Getting all the data at once if it's related makes sense.
Granularity: data that is related and has a similar "cachability" can be cached together, otherwise you might want to keep them in separate cache partitions.
Context
My current project is a large-ish public site (2 million pageviews per day) site running a mixture of asp classic and asp.net with a SQL Server 2005 back-end. We're heavy on reads, with occasional writes and virtually no updates/deletes. Our pages typically concern a single 'master' object with a stack of dependent (detail) objects.
I like the idea of returning all the data required for a page in a single proc (and absolutely no unnecesary data). True, this requires a dedicated proc for such pages, but some pages receive double-digit percentages of our overall site traffic so it's worth the time/maintenance hit. We typically only consume multiple-recordsets from our .net code, using System.Data.SqlClient.SqlDataReader and it's NextResult method. Oh, yeah, I'm not doing any updates/inserts in these procs either (except to table variables).
The question
SQL Server (2005) procs which return multiple recordsets are working well (in prod) for us so far but I am a little worried that multi-recordset procs are my new favourite hammer that i'm hitting every problem (nail) with. Are there any multi-recordset sql server proc gotchas I should know about? Anything that's going to make me wish I hadn't used them? Specifically anything about it affecting connection pooling, memory utilization etc.
Here's a few gotchas for multiple-recordset stored procs:
They make it more difficult to reuse code. If you're doing several queries, odds are you'd be able to reuse one of those queries on another page.
They make it more difficult to unit test. Every time you make a change to one of the queries, you have to test all of the results. If something changed, you have to dig through to see which query failed the unit test.
They make it more difficult to tune performance later. If another DBA comes in behind you to help performance improve, they have to do more slicing and dicing to figure out where the problems are coming from. Then, combine this with the code reuse problem - if they optimize one query, that query might be used in several different stored procs, and then they have to go fix all of them - which makes for more unit testing again.
They make error handling much more difficult. Four of the queries in the stored proc might succeed, and the fifth fails. You have to plan for that.
They can increase locking problems and incur load in TempDB. If your stored procs are designed in a way that need repeatable reads, then the more queries you stuff into a stored proc, the longer it's going to take to run, and the longer it's going to take to return those results back to your app server. That increased time means higher contention for locks, and the more SQL Server has to store in TempDB for row versioning. You mentioned that you're heavy on reads, so this particular issue shouldn't be too bad for you, but you want to be aware of it before you reuse this hammer on a write-intensive app.

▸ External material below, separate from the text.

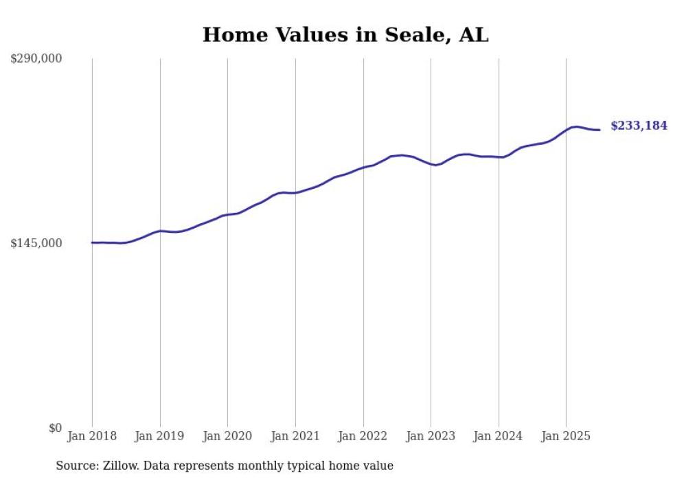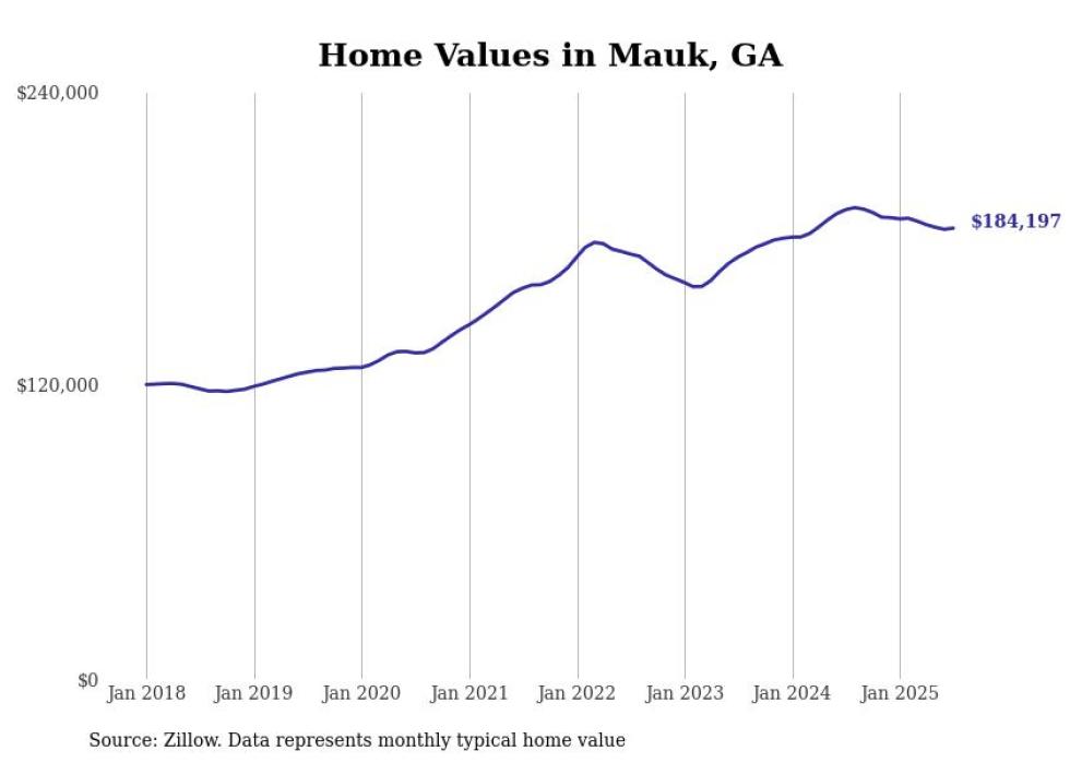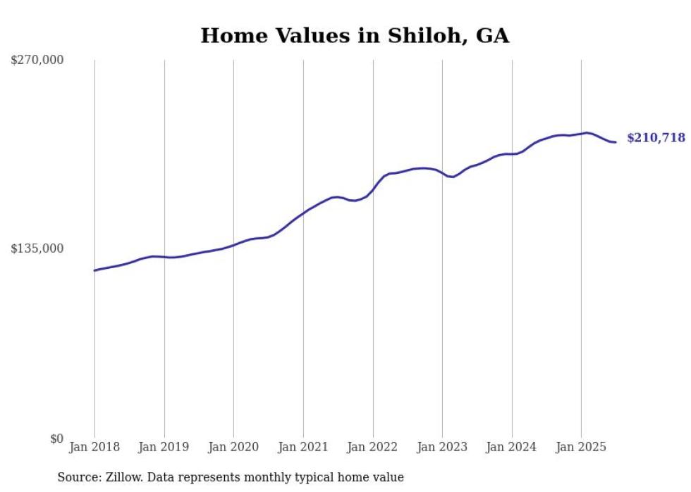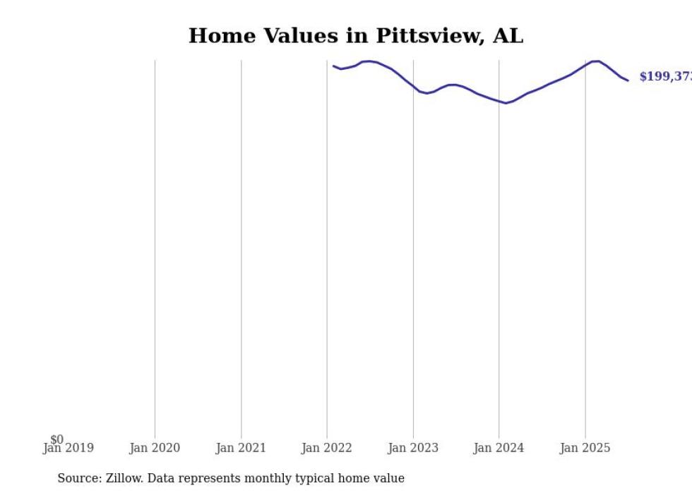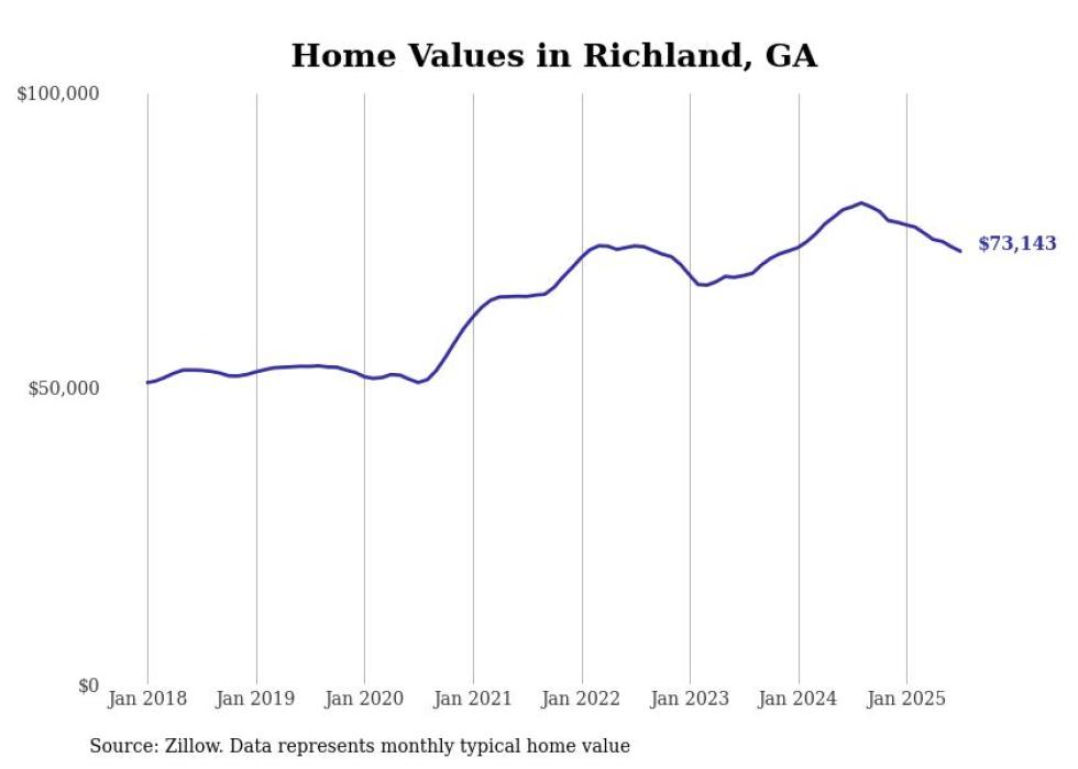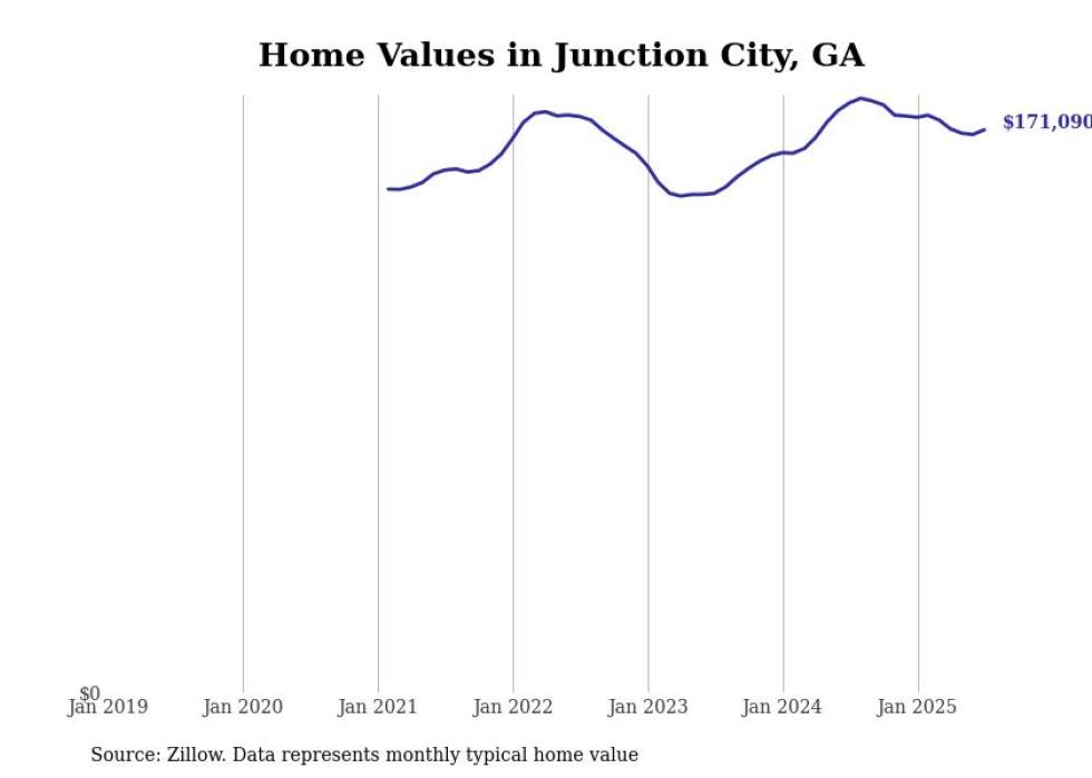 Stacker compiled a list of cities with the most expensive homes in the Columbus, Georgia metro area using data from Zillow. Charts show the monthly typical home value since January 2018. All 23 cities and towns with data available were included in the list.

I think multi recordset stored procedures are great in some cases, and it sounds like yours maybe one of them.
The bigger (more traffic), you site gets, the more important that 'extra' bit of performance is going to matter. If you can combine 2-3-4 calls (and possibly a new connections), to the database in one, you could be cutting down your database hits by 4-6-8 million per day, which is substantial.
I use them sparingly, but when I have, I have never had a problem.

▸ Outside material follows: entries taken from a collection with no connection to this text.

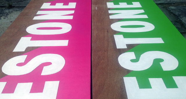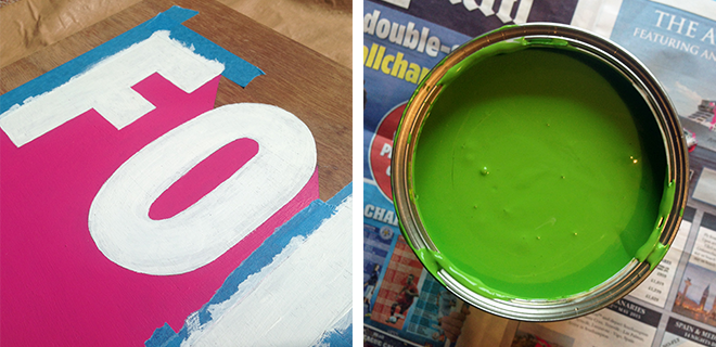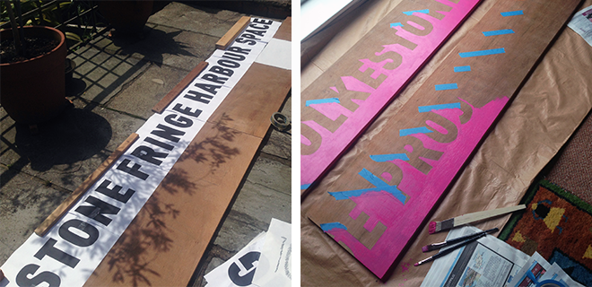 The drop shadows were painted in first. Pink and green were chosen for the colours to tie in with that of both the Folkestone Fringe and Open Fringe Festivals. White then infilled the letters to give it a bold finish. Masking tape was used to ensure a crisp edge.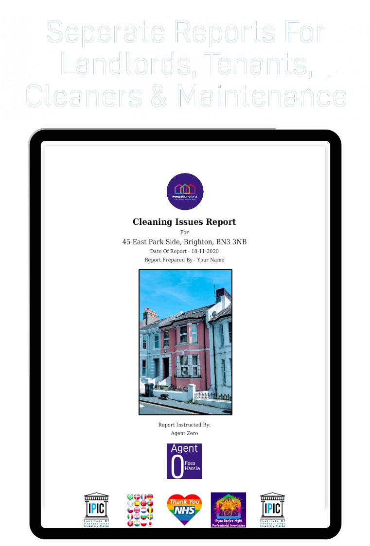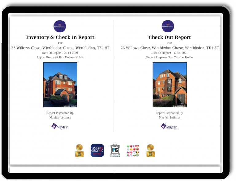Our Check Out Reports have a distinctive landscape format, with the original Inventory Report on the left and the new Check Out details on the right. This makes it easy and quick to compare ‘before’ and ‘after’ information – with text and evidential photos included. To make it even simpler, we only show Inventory information for items that are dirty, damaged, missing, etc, as there’s no need to read about items that haven’t changed during the tenancy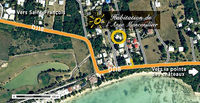 En arrivant à Saint-François, prenez la direction de la Pointe des châteaux. Puis Longez le golf et l’aérodrome.
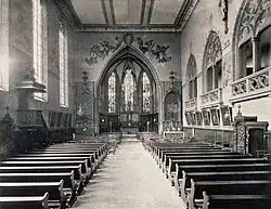 Parties gothiques (cloître et chœur) de l’église Sainte-Madeleine. La nef reconstruite originellement édifiée par Fritz Beblo.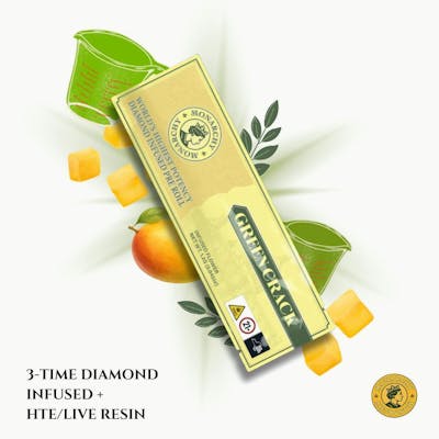 🌿 Green Crack – Diamond Infused Pre-Rolls Type: Sativa Flavor & Aroma: Citrus, mango, and earthy spice Effects: Focused, energetic, uplifting — ideal for productivity Description: Don’t let the name fool you — Green Crack is all about clean, energizing power. Infused with diamonds and distillate, this sativa hits hard and fast with sharp mental clarity and motivation. A perfect choice for daytime dispensary shoppers looking for something strong that keeps them moving. 🍊 Bright terpene profile with citrus punch 💎 Diamond infusion for extra intensity ⚡ Clear-headed, energetic high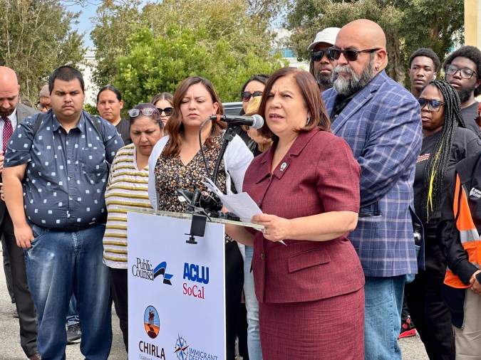 “Hemos escuchado testimonios de más de 100 familias de personas llevadas al B-18 y otros centros de detención que dan fe de que sus seres queridos se encuentran en condiciones de hacinamiento, frío e inhumanas”, dijo Angélica Salas, líder de CHIRLA.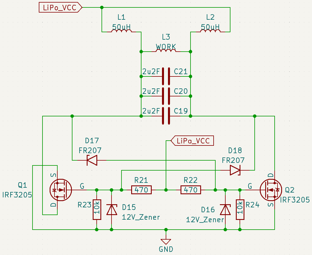The other component you may not be super familiar with is the Zener diodes I have placed across the gate of the MOSFETs. All you really need to know about them for now is that they break down voltages above their rating (12V) so that there is never more than 12V supplied to the gate which could damage the FET. This isn’t super necessary since the LiPo only supplies 12V, however, sometimes in oscillator circuits a higher voltage can become present and they’re there just as a precaution in case it does. For example, I’ve noticed voltages spikes up to 30V upon power up. (This could be fixed using a soft start circuit but that’s for another time.)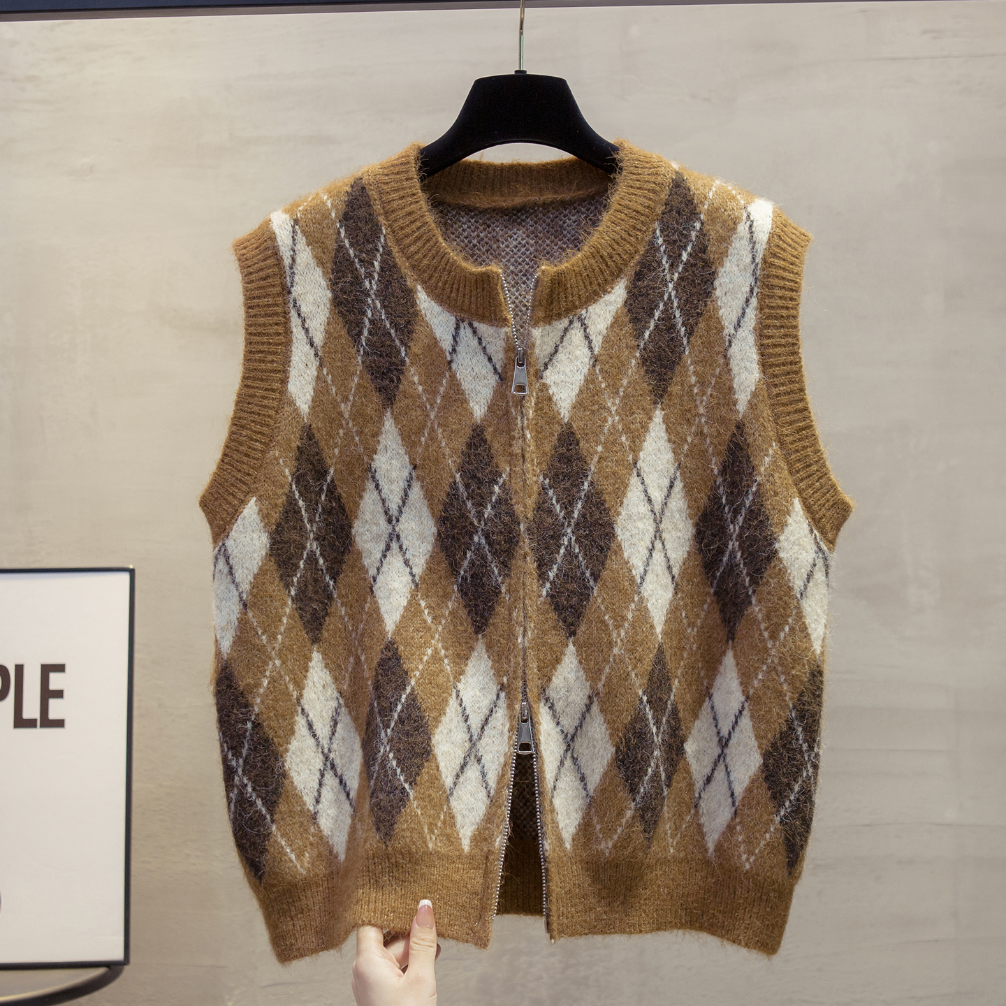 开衫菱格纹圆领针织马甲背心女2025秋冬新款宽松马夹叠穿毛衣坎肩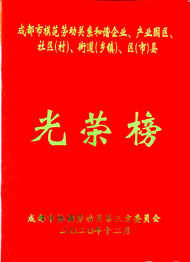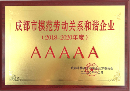 2020年12月2日,在成都市协调劳动关系三方委员会认定下,我司成都分装厂荣获“2018-2020年5A级成都市模范劳动关系和谐企业”称号。2021年3月23日在成都市温江区人力资源和社会保障局指导的“构建和谐劳动关系宣传月”活动中授予牌匾及光荣榜证书。此殊荣为成都市企业界评定模范劳动关系的最高荣誉。

I would recommend having invoking in one stored procedure several inner invocations of stored procedures that return 1 resultset each.
create proc foo
as
execute foobar --returns one result
execute barfoo --returns one result
execute bar --returns one result
That way when requirments change and you only need the 3rd and 5th result set, you have a easy way to invoke them without adding new stored procedures and regenerating your data access layer. My current app returns all reference tables (e.g. US states table) if I want them or not. Worst is when you need to get a reference table and the only access is via a stored procedure that also runs an expensive query as one of its six resultsets.